→ **WORK ITEM**
For this exercise, please return exactly the line containing "名古屋駅の高島屋地下で購入した釜揚げしらす弁当(晩ご飯)。 | |" and each line after it through the end of the records, with no pictures included.

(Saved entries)

◆ ◆ ◆ ◆ ◆ ◆ ◆

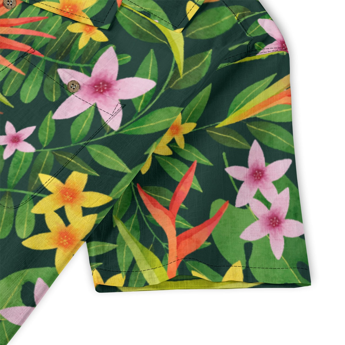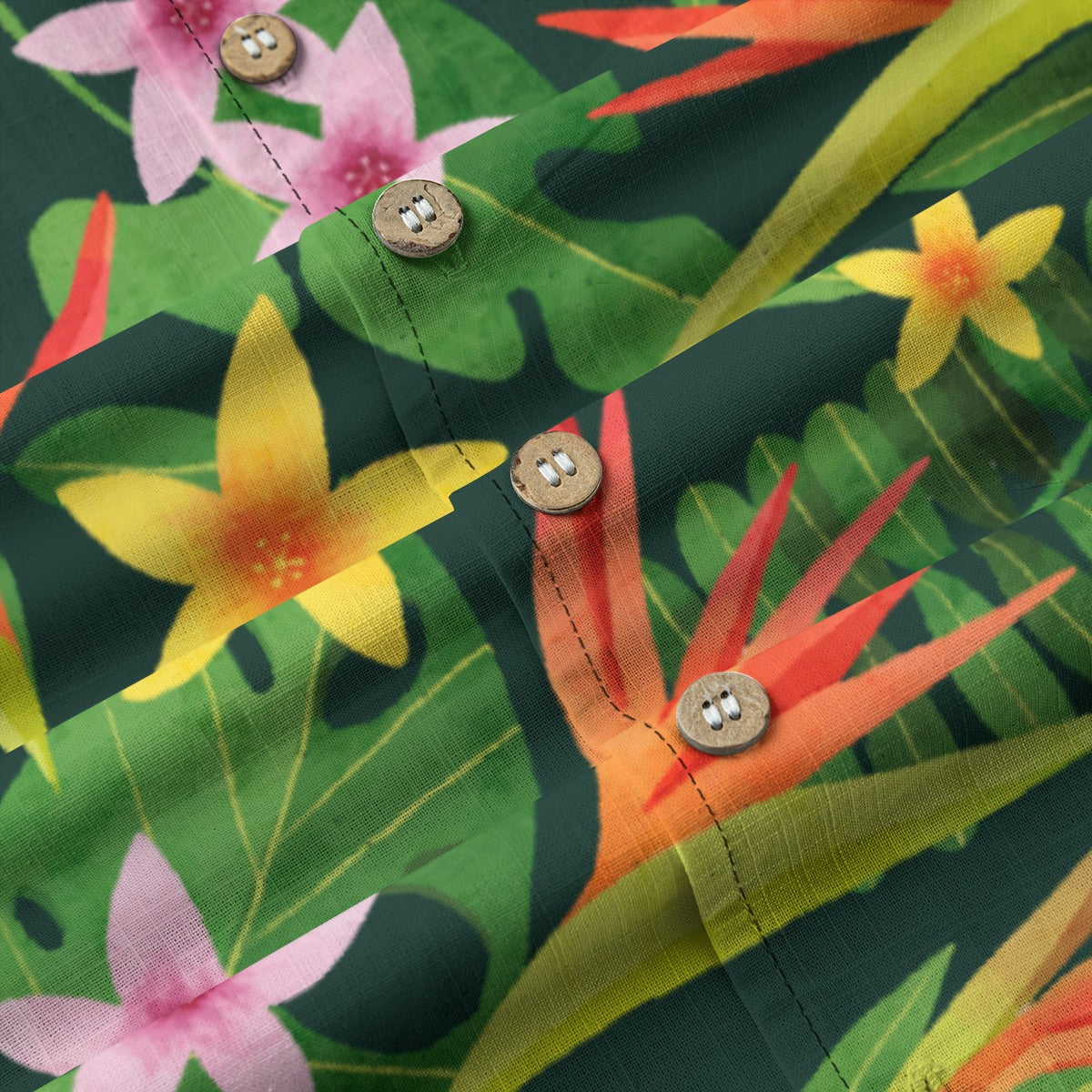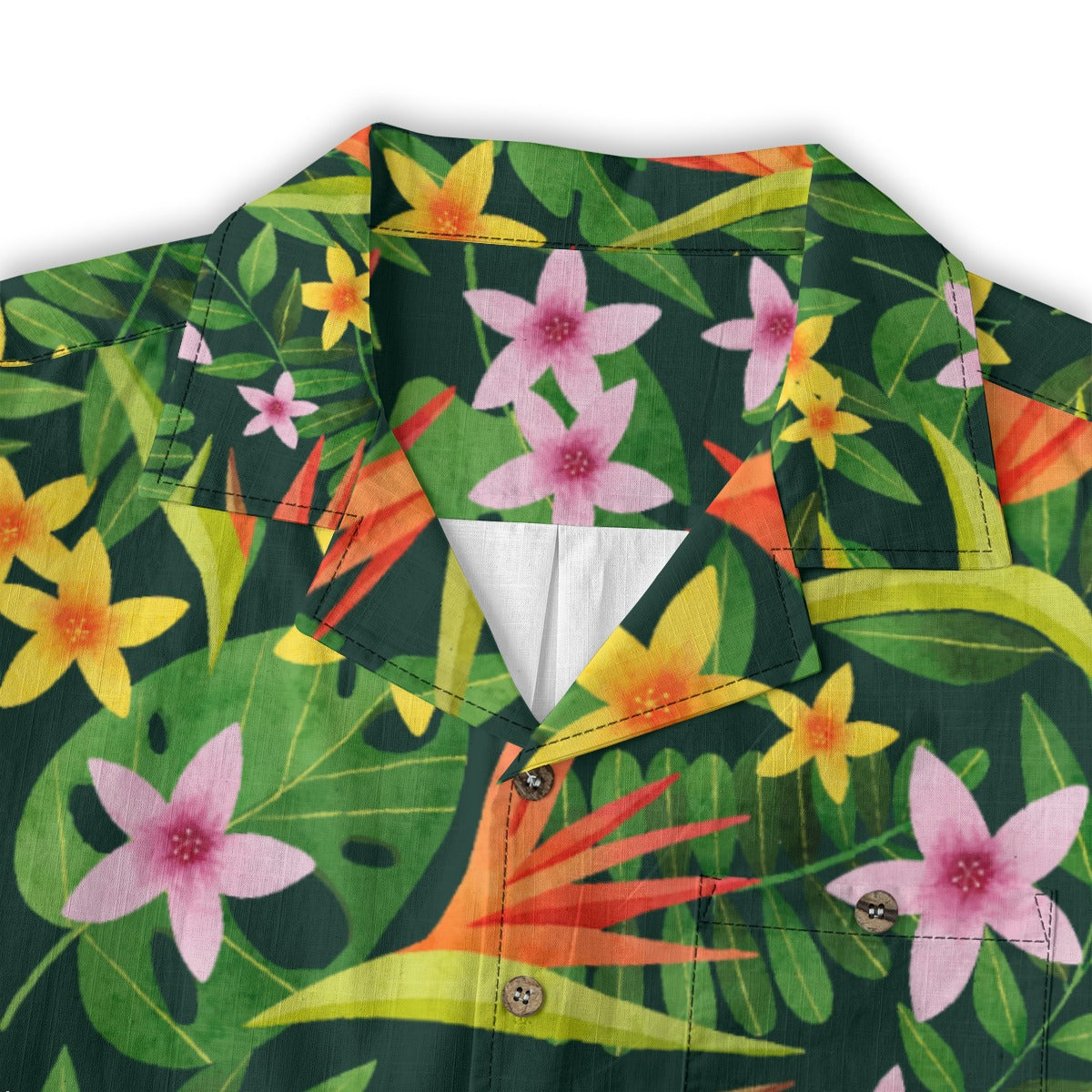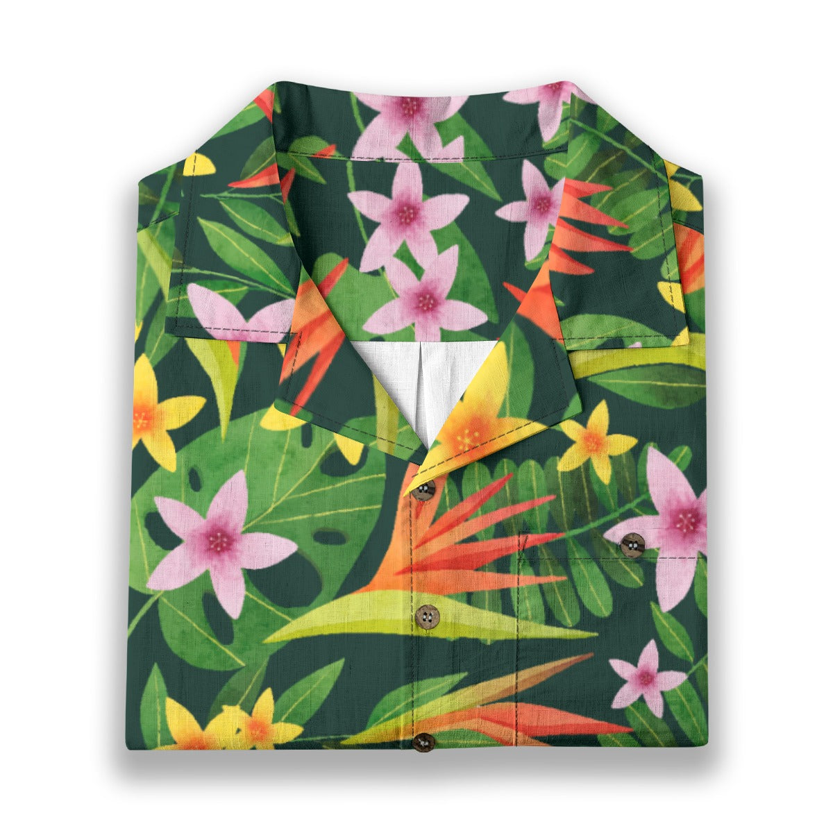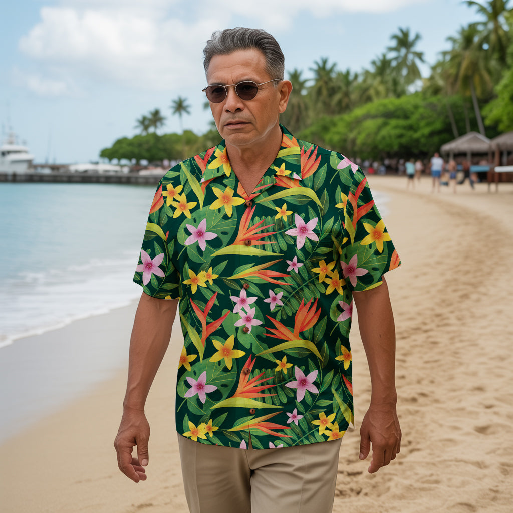🦜 Unique Design: Adorned with vibrant tropical patterns, this shirt embodies the untamed spirit of the islands. It's more than just clothing; it's a wearable adventure that brings the exotic allure of the island scene to your wardrobe.
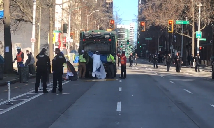 A row of tents lining two blocks of 4th Avenue in downtown Seattle was cleared by police and municipal workers in the early morning of Wednesday, March 9, despite opposition from anti-sweep activists.
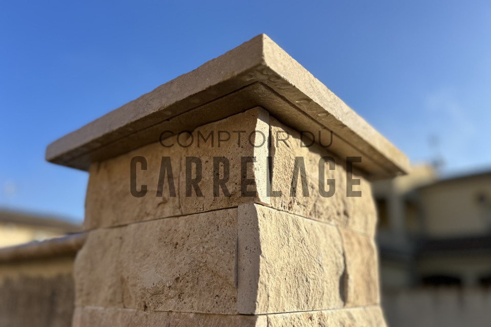 Le travertin supporte très bien les intempéries, l’humidité, le gel, les chocs et les variations de température. Pour des piliers de portail exposés en permanence, il offre une durabilité qui surpasse de nombreux autres matériaux décoratifs.
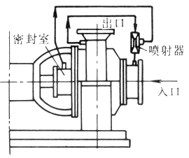 在泵的出口處引出流體高速通過(guò)噴射器,將密封腔內(nèi)泄漏的流體吸入泵的入口處,達(dá)到密封的目的,但需設(shè)停泵密封裝置
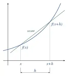 Une simple estimation à deux points consiste à calculer la pente d'une droite sécante proche passant par les points (x , f(x)) et (x + h , f(x + h))[1]. On choisit un petit nombre h, qui représente une petite variation autour de x, qui peut être positive ou négative. La pente de cette droite est
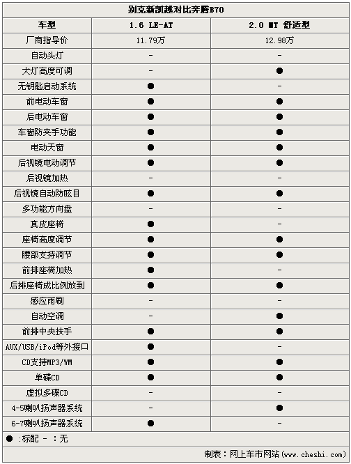 如果說今天對比的兩款車中,新凱越就是這個問題的答案。無鑰匙啟動系統、真皮包裹座椅、前排座椅加熱等高級配置同級別車型無人能及,比起高一級別的B70同樣體現出明顯的優勢。AUX/USB/iPod外接音源和超過6個以上的車載音響系統,吸引來喜愛音樂的朋友們不成問題。身為車系中的最低配版本,2.0 MT 舒適型的奔騰B70還是有比較亮眼的配置,可調大燈高度、自動空調等成為區別于新凱越的優勢體現。
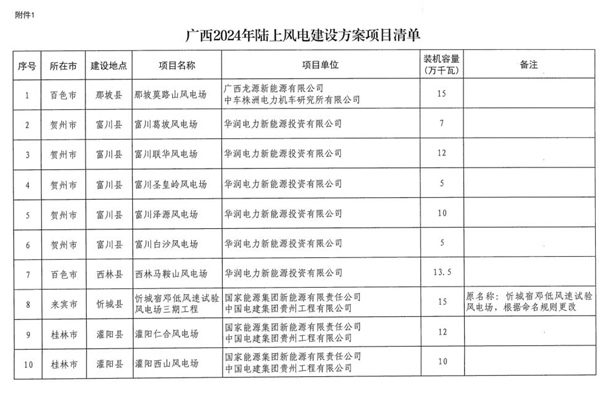广西壮族自治区能源局关于印发2024年度陆上风电、集中式光伏发电项目建设方案的通知 各市发展改革委,各电网企业,有关项目单位: 为贯彻落实自治区党委、政府决策部署,根据国家、自治区有关文件要求,我局依据竞争性配置评分结果及有关规则统筹制定了2024年度陆上风电、集中式光伏发电项目建设方案。现印发你们,并就有关事项通知如下: 一、列入...
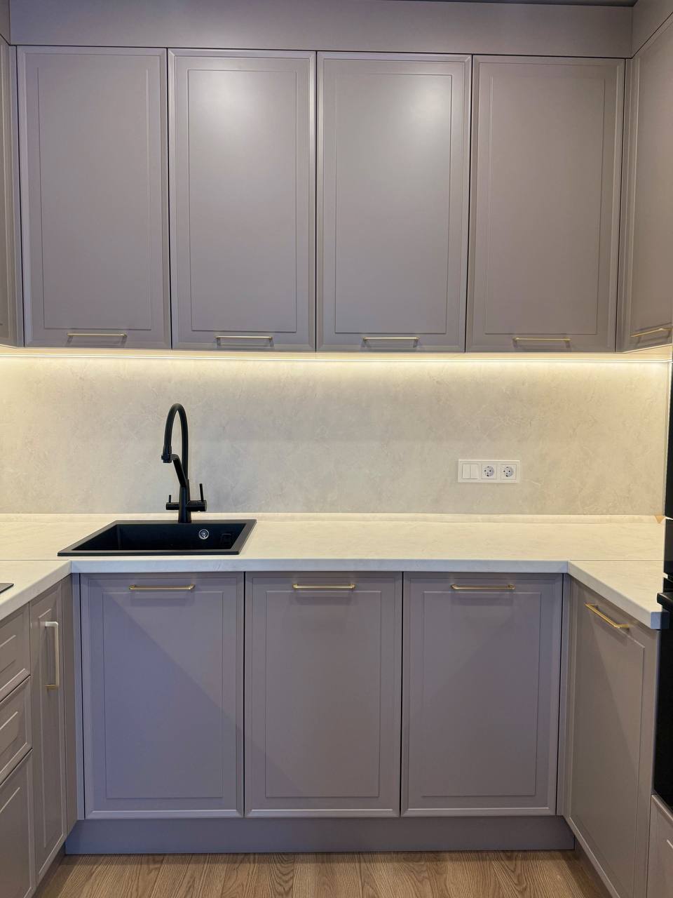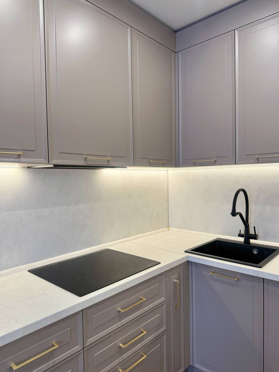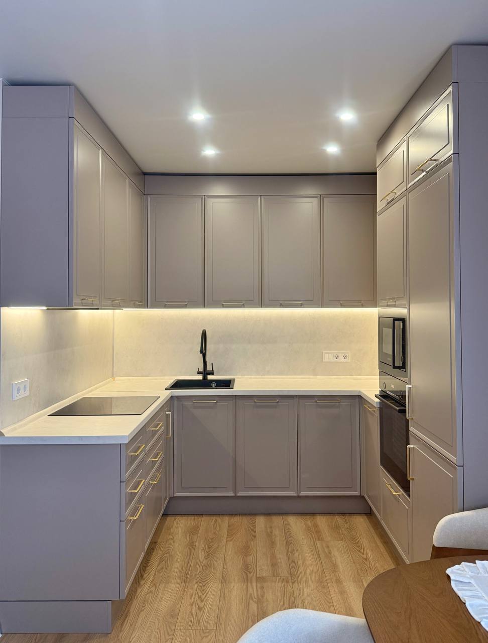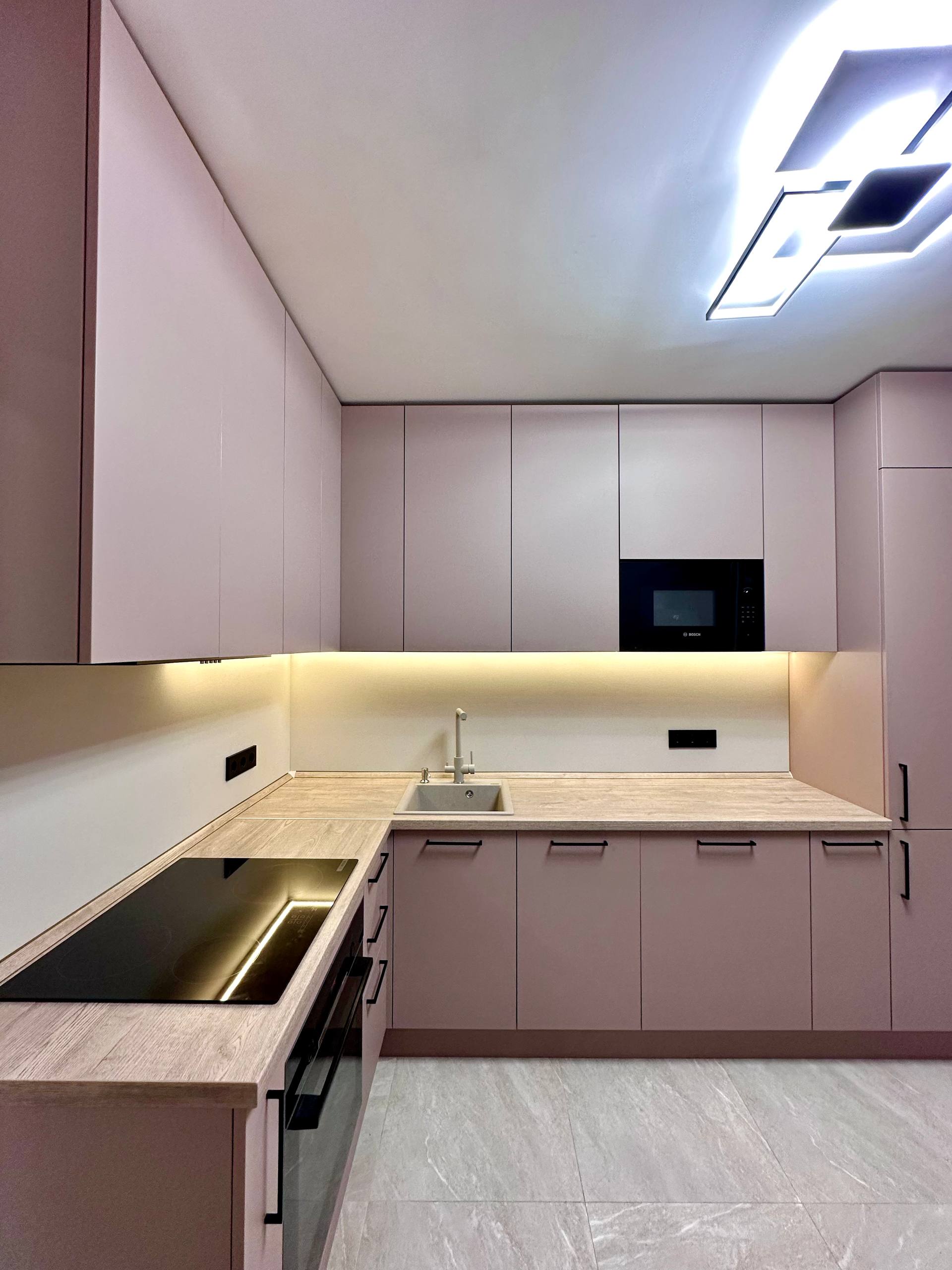 • Светлый, ненавязчивый фартук и столешница идеально дополняют образ, делая пространство визуально больше.
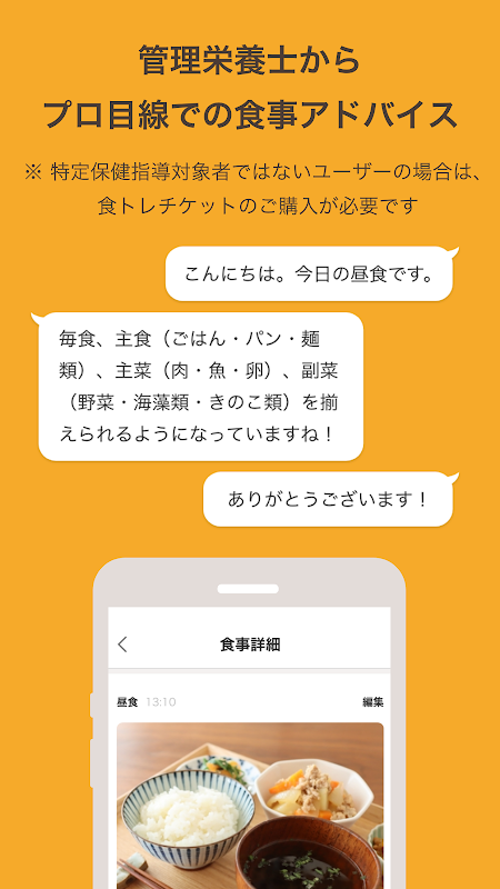 특정 보건지도 프로그램의 지원을 본 앱을 통해 받을 수 있습니다. 피츠플러스의 관리 영양사로부터의 어드바이스를 받거나, 정기 보고의 연락을 실시할 수 있으므로, 보다 부담없이 지원을 받을 수 있습니다.
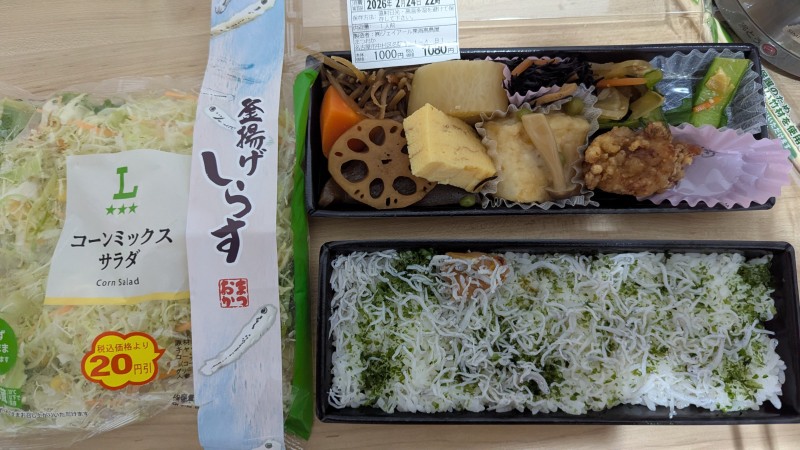 | 清洲駅。 | 名古屋駅の高島屋地下で購入した釜揚げしらす弁当(晩ご飯)。 | |
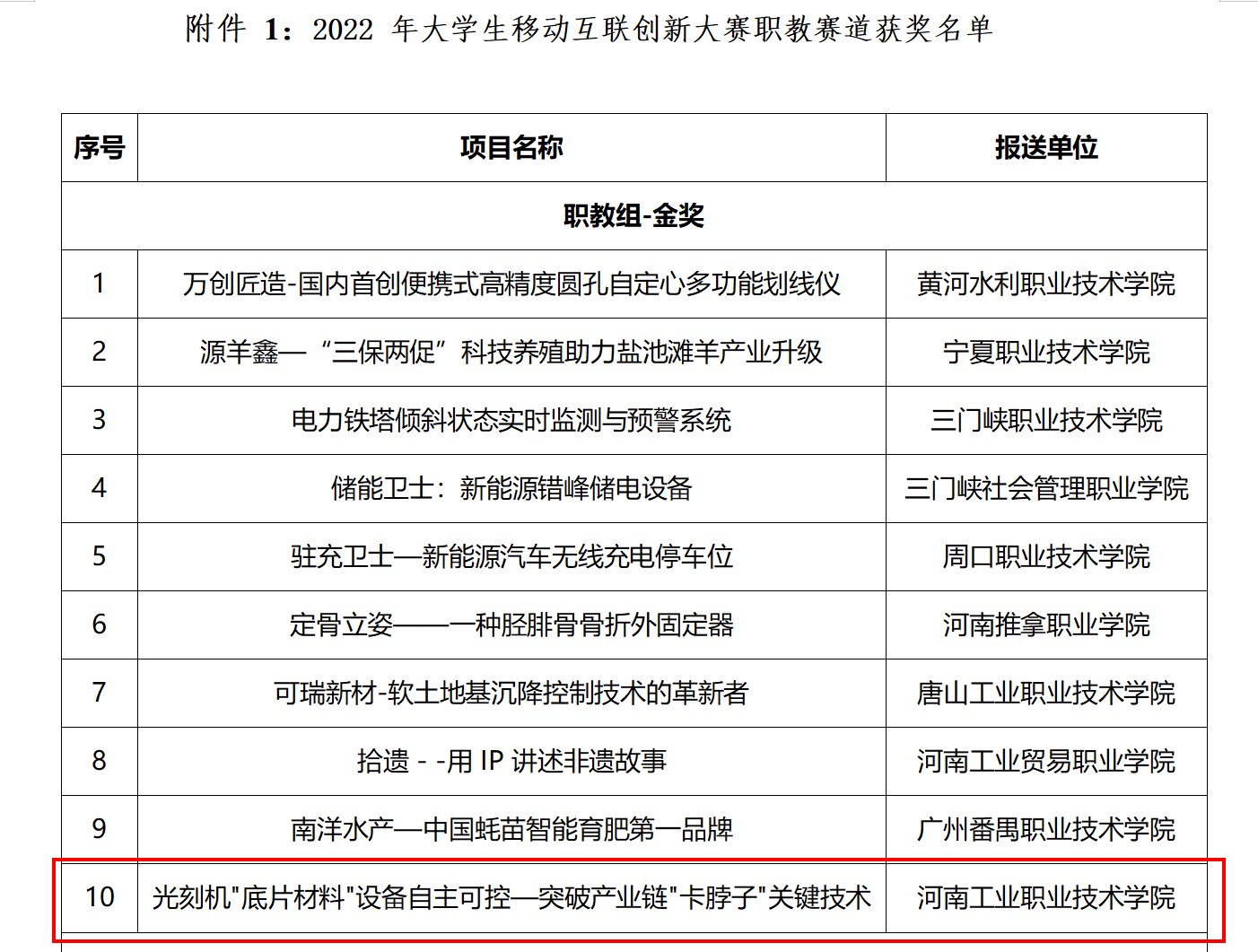 2022年11月10日,由中关村中科创新创业教育基金会主办,中科创大(北京)教育科技有限公司承办,未来空间(广东)科技开发有限公司、郑州大学、河南大学、华中师范大学、广西大学等共同协办的2022年大学生移动互联创新大赛总决赛,经过两天的激烈角逐,圆满落下帷幕。我校选手的《光刻机“底片材料”设备自主可控——突破产业链卡脖子技术》荣获金奖。

◆ ◆ ◆ ◆ ◆ ◆ ◆

→ **OUTPUT OF THE EXERCISE**
 | 清洲駅。 | 名古屋駅の高島屋地下で購入した釜揚げしらす弁当(晩ご飯)。 | |
 2022年11月10日,由中关村中科创新创业教育基金会主办,中科创大(北京)教育科技有限公司承办,未来空间(广东)科技开发有限公司、郑州大学、河南大学、华中师范大学、广西大学等共同协办的2022年大学生移动互联创新大赛总决赛,经过两天的激烈角逐,圆满落下帷幕。我校选手的《光刻机“底片材料”设备自主可控——突破产业链卡脖子技术》荣获金奖。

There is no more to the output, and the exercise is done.